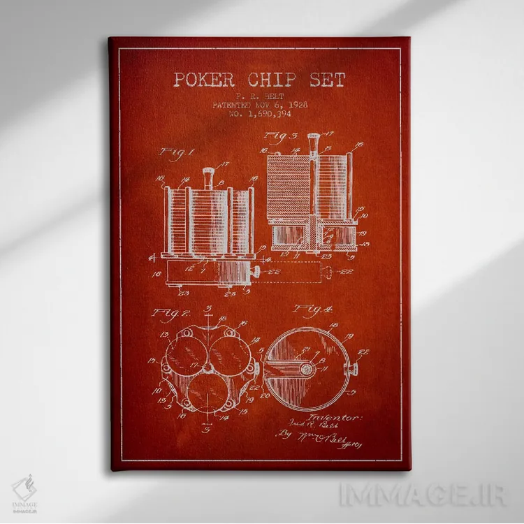 تابلو نقشهٔ ثبت اختراع ژتون‌های پوکر ۱ (قرمز) اثر پیکسل کهنه (استودیو/نام هنری) - نمای پرسپکتیو محصول
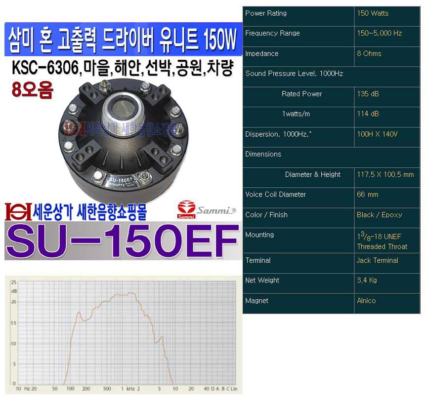 SU-150EFSammi Horn Driver Unit 150W한국산업규격 혼스피커 KSC-6306 인증삼미스피커 드라이버 유니트 SU150EF마을,해안,선박,재난방송,관공서,군부대,차량,선거차량,선박등
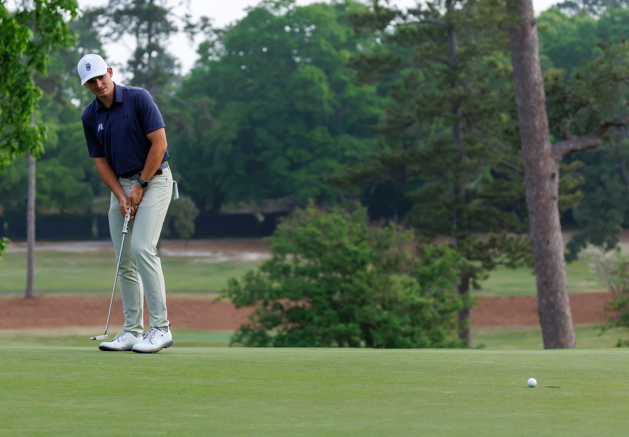 AU golfer Stefan Jacobs putts during the Haskins Award Invitational at Forest Hills Golf Club. At the top of the page, Dean Wilken blasts out of a sand trap. Wilken and Jacobs each shot under par to lead the Jaguars to a 10th-place finish in the team race. (photos by Paula Toole/AU Athletics)
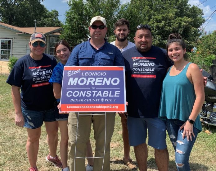 KSAT-TV obtained cell phone camera footage that showed six Bexar County Precinct 2 deputies line up in front of the home of fellow deputy Leonicio Moreno in February and stripping him of his service weapon just weeks after he filed to run against their boss in next year’s election.

#####

What to produce →
The lines to be transcribed are those from the first line of the data above through the line holding "SU-150EFSammi Horn Driver", inclusive; copy them exactly and only, leaving out the pictures.

Written solution →
 تابلو نقشهٔ ثبت اختراع ژتون‌های پوکر ۱ (قرمز) اثر پیکسل کهنه (استودیو/نام هنری) - نمای پرسپکتیو محصول
 SU-150EFSammi Horn Driver Unit 150W한국산업규격 혼스피커 KSC-6306 인증삼미스피커 드라이버 유니트 SU150EF마을,해안,선박,재난방송,관공서,군부대,차량,선거차량,선박등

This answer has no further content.